Collected data
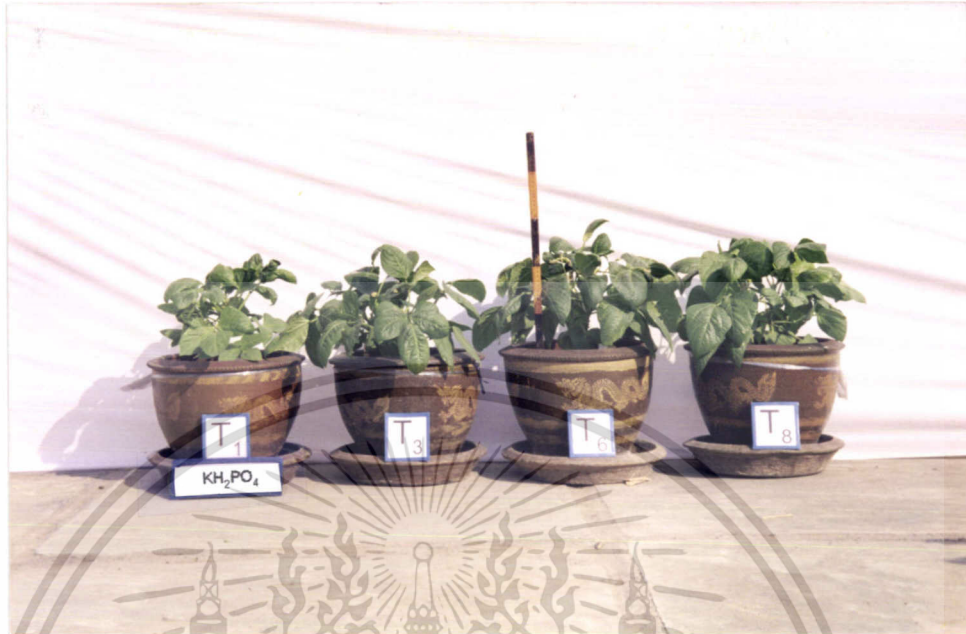
ภาพที่ 12 แสดงการเปรียบเทียบการเจริญเติบโตของถั่วฝักยาวใน T1, T3, T6, T8

ภาพที่ 12 แสดงการเจริญเติบโตของคะน้าในตำรับที่ไม่ใส่ไนโตรเจนเลย (T1) กับตำรับที่ใส่ยูเรียและ Cell Cream ในอัตราไนโตรเจนที่เท่ากันคือ 23 %N /ไร่ กับตำรับที่ใส่ปุ๋ยเคมีตามสูตรที่เกษตรกรใช้ จะเห็นว่า ทุกตำรับที่ใส่ปุ๋ยไนโตรเจน ไม่ว่าจะเป็นการใส่ในรูปยูเรียหรือ Cell Cream หรือปุ๋ยตามสูตรที่เกษตรกรใช้ จะมีการเจริญเติบโตไม่แตกต่างกันมากนัก แต่จะมีการเจริญเติบโตมากกว่าตำรับที่ไม่มีปุ๋ยไนโตรเจนเลย
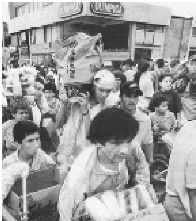
EXPROPIANDO A QUIENES TRAFICAN CON EL HAMBRE DEL PUEBLO

No podemos esperar a que el gran terremoto de la explotación capitalista nos aniquile por completo, es necesario aprender del camino que nos señalan los pobres de la zona cafetera, quienes valerosamente se han enfrentado con piedras a las fuerzas represivas, y en forma masiva han procedido a tomar por su propia mano la comida y el agua acumulados en los grandes supermercados capitalistas. Aprender de esta experiencia significa preparar la expropiación no de los supermercados de una ciudad, sino de toda la riqueza social usurpada por las clases dominantes y el imperialismo, quienes la cederán, sólo si derrotamos su poder político estatal, concentrando contra él toda la fuerza, toda la potencia, toda la lucha de las clases oprimidas y explotadas, hasta hacerlo saltar en pedazos. Significa que debemos superar la anarquía propia de la espontaneidad de los hechos, con la lucha organizada y bien preparada de todos los proletarios y campesinos pobres, bajo la dirección de un partido comunista revolucionario que nos conduzca a pisotear para siempre la maldita propiedad privada, cimiento y columna de este sistema capitalista oprobioso y hambreador. ✮
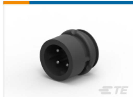
TE 产品编号1394324-2 2,5MM STIFTSTECK 4P
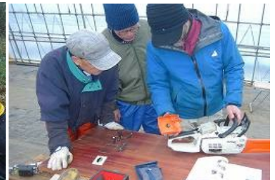
チェーンソー整備
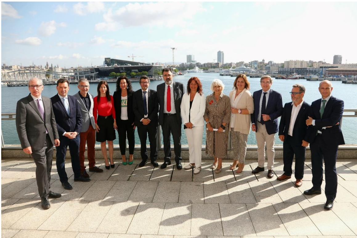
FOTO. 38º Encuentro RETE, celebrada este martes en el Port de Barcelona.
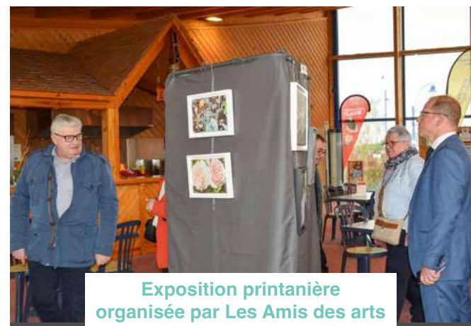
Exposition printanière organisée par Les Amis des arts
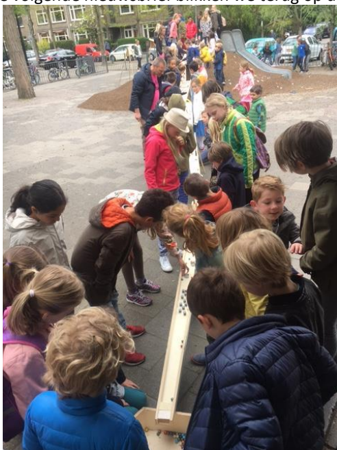
Groep 7 ontwerpt en oefent..

In de volgende nieuwsbrief blikken we terug op de racedag en maken we uiteraard de opbrengst bekend.
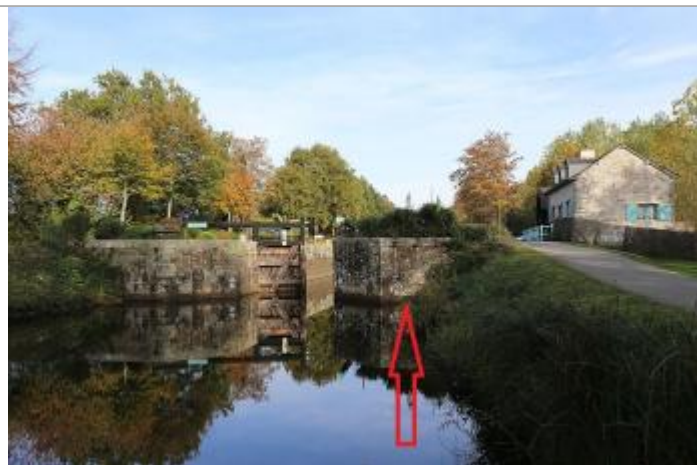
Echelle limnimétrique (disparue) sur le bajoyer aval de l'écluse de Charbonnière à Saint-Grégoire

Altitude calculée de l'eau (en m) : 28.791 m
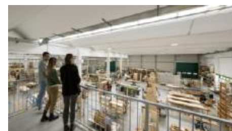
Valdagno La nuova sede di Zordan

Riparte l'Accademia Zordan di Valdagno, programma estivo rivolto ai giovani desiderosi di immergersi nel mondo del lavoro prima di aver concluso il percorso scolastico. Quest'anno Zordan ha come partner l'agenzia per il lavoro Umana. I partecipanti avranno l'opportunità di lavorare insieme al personale esperto e di prendere parte a sessioni formative gratuite, finanziate da Umana tramite il fondo Forma.Temp. L'ultimo turno, dal 26 agosto al 27 settembre, è rivolto ai maggiorenni.
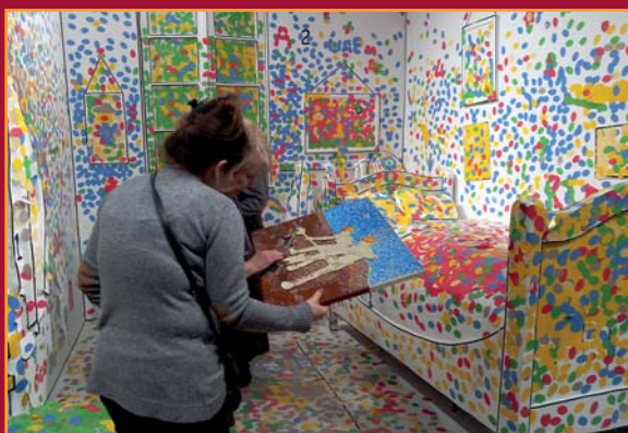
Tentoonstelling 'Van Gogh au Borinage' van BAM, aangepast voor een blind publiek

De 5 nieuwe musea die werden geopend in het kader van Bergen 2015, Culturele Hoofdstad van Europa, zijn: Le Musée du Doudou, de neolithische silexmijnen van Spiennes, het Mons Memorial Museum, de Artothèque en binnenkort ook het Belportmuseum.

EXERCISE GOAL
Leave the images aside and transcribe all entries exactly.

RESULT
ภาพที่ 12 แสดงการเปรียบเทียบการเจริญเติบโตของถั่วฝักยาวใน T1, T3, T6, T8

ภาพที่ 12 แสดงการเจริญเติบโตของคะน้าในตำรับที่ไม่ใส่ไนโตรเจนเลย (T1) กับตำรับที่ใส่ยูเรียและ Cell Cream ในอัตราไนโตรเจนที่เท่ากันคือ 23 %N /ไร่ กับตำรับที่ใส่ปุ๋ยเคมีตามสูตรที่เกษตรกรใช้ จะเห็นว่า ทุกตำรับที่ใส่ปุ๋ยไนโตรเจน ไม่ว่าจะเป็นการใส่ในรูปยูเรียหรือ Cell Cream หรือปุ๋ยตามสูตรที่เกษตรกรใช้ จะมีการเจริญเติบโตไม่แตกต่างกันมากนัก แต่จะมีการเจริญเติบโตมากกว่าตำรับที่ไม่มีปุ๋ยไนโตรเจนเลย
EXPROPIANDO A QUIENES TRAFICAN CON EL HAMBRE DEL PUEBLO

No podemos esperar a que el gran terremoto de la explotación capitalista nos aniquile por completo, es necesario aprender del camino que nos señalan los pobres de la zona cafetera, quienes valerosamente se han enfrentado con piedras a las fuerzas represivas, y en forma masiva han procedido a tomar por su propia mano la comida y el agua acumulados en los grandes supermercados capitalistas. Aprender de esta experiencia significa preparar la expropiación no de los supermercados de una ciudad, sino de toda la riqueza social usurpada por las clases dominantes y el imperialismo, quienes la cederán, sólo si derrotamos su poder político estatal, concentrando contra él toda la fuerza, toda la potencia, toda la lucha de las clases oprimidas y explotadas, hasta hacerlo saltar en pedazos. Significa que debemos superar la anarquía propia de la espontaneidad de los hechos, con la lucha organizada y bien preparada de todos los proletarios y campesinos pobres, bajo la dirección de un partido comunista revolucionario que nos conduzca a pisotear para siempre la maldita propiedad privada, cimiento y columna de este sistema capitalista oprobioso y hambreador. ✮
TE 产品编号1394324-2 2,5MM STIFTSTECK 4P
チェーンソー整備
FOTO. 38º Encuentro RETE, celebrada este martes en el Port de Barcelona.
Exposition printanière organisée par Les Amis des arts
Groep 7 ontwerpt en oefent..

In de volgende nieuwsbrief blikken we terug op de racedag en maken we uiteraard de opbrengst bekend.
Echelle limnimétrique (disparue) sur le bajoyer aval de l'écluse de Charbonnière à Saint-Grégoire

Altitude calculée de l'eau (en m) : 28.791 m
Valdagno La nuova sede di Zordan

Riparte l'Accademia Zordan di Valdagno, programma estivo rivolto ai giovani desiderosi di immergersi nel mondo del lavoro prima di aver concluso il percorso scolastico. Quest'anno Zordan ha come partner l'agenzia per il lavoro Umana. I partecipanti avranno l'opportunità di lavorare insieme al personale esperto e di prendere parte a sessioni formative gratuite, finanziate da Umana tramite il fondo Forma.Temp. L'ultimo turno, dal 26 agosto al 27 settembre, è rivolto ai maggiorenni.
Tentoonstelling 'Van Gogh au Borinage' van BAM, aangepast voor een blind publiek

De 5 nieuwe musea die werden geopend in het kader van Bergen 2015, Culturele Hoofdstad van Europa, zijn: Le Musée du Doudou, de neolithische silexmijnen van Spiennes, het Mons Memorial Museum, de Artothèque en binnenkort ook het Belportmuseum.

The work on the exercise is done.